JTA to its riders: Drivers committed to doing their job well

After 2 drivers fired after high-profile incidents, CEO reaches out


JACKSONVILLE, Fla. – After the Jacksonville Transportation Authority fired two of its bus drivers after incidents in the past 30 days, the CEO is distributing memos to all its riders saying "the safety and security of you, as our customers, is my first priority."

The letter signed by CEO Nathaniel Ford Sr. was on the seat of JTA buses Thursday morning. It noted recent news coverage of recent incidents -- one where a woman was run over and killed by a bus and a second where a bus on railroad tracks was hit by an Amtrak train.

"I'd like to address those concerns with you directly and assure you that the unfortunate actions of a few are not representative of our operations as a whole," Ford wrote. "Our employees do tremendous work every day."

He noted that JTA moved more than 12 million passengers last year, its vehicles logging more than 35,000 miles each day.
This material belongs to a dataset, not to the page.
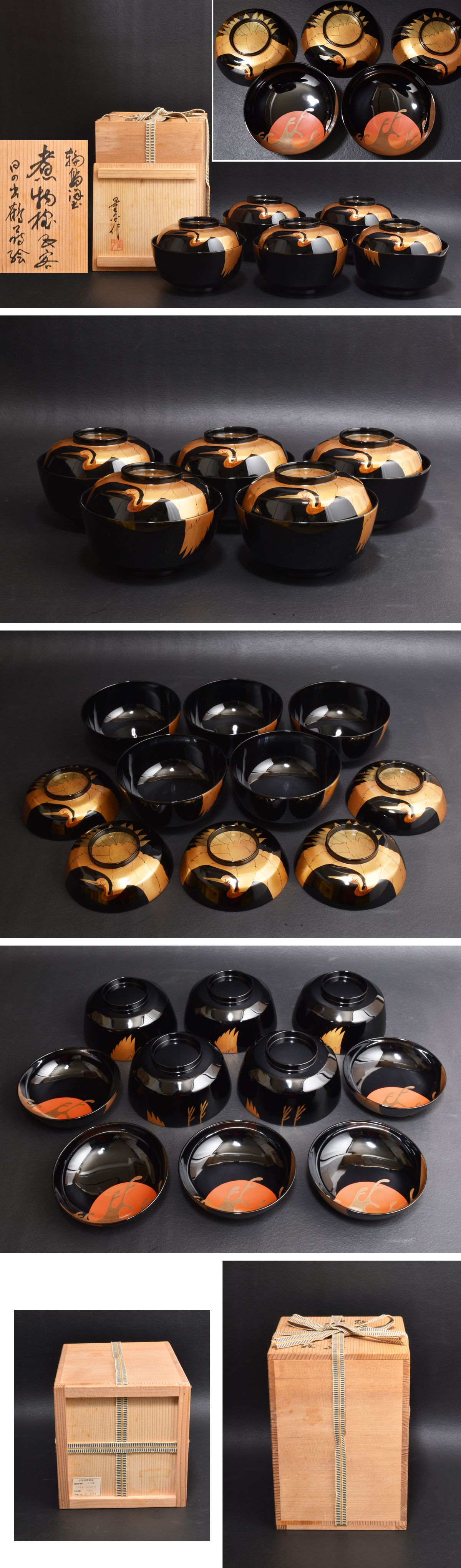 6211 輪島塗 煮物椀 日の出鶴蒔絵 5客 共箱 天然木 作家物

Last year, 232 bus operators received safety awards "for their dedication and commitment to doing their job well."

According to Ford, each year since 2015, the JTA has averaged less than one preventable incident and less than 1.6 non-preventable incidents per 100,000 miles driven.

"Are we perfect? No. Will we aim for perfection? Absolutely," Ford said.

DOCUMENT: JTA CEO's letter to customers

Data obtained by News4Jax earlier this month showed 78 drivers have been terminated from the JTA since 2017. Twenty of those were fired for attendance reasons and for the other 58, the records only give the reasons of "involuntary" or "other."

We also found seven drivers appealed their firings and one was reinstated. 

One driver not listed in that report is Jean Silney, who was fired for nearly running over a supervisors foot with his bus in 2018 but was reinstated after his union filed a grievance. 

Silney was fired again last month after officials said his bus ran over and killed a woman who somehow got tangled up with the bus as she was getting off.

JTA officials told the I-TEAM they are working to figure out why Silney was not on the list of terminated employees.

The most-recently fired JTA driver, Carolyn Simmons, was cited with failure to obey a traffic control device at a railroad crossing in a collision with an Amtrak train on the Westside earlier this month.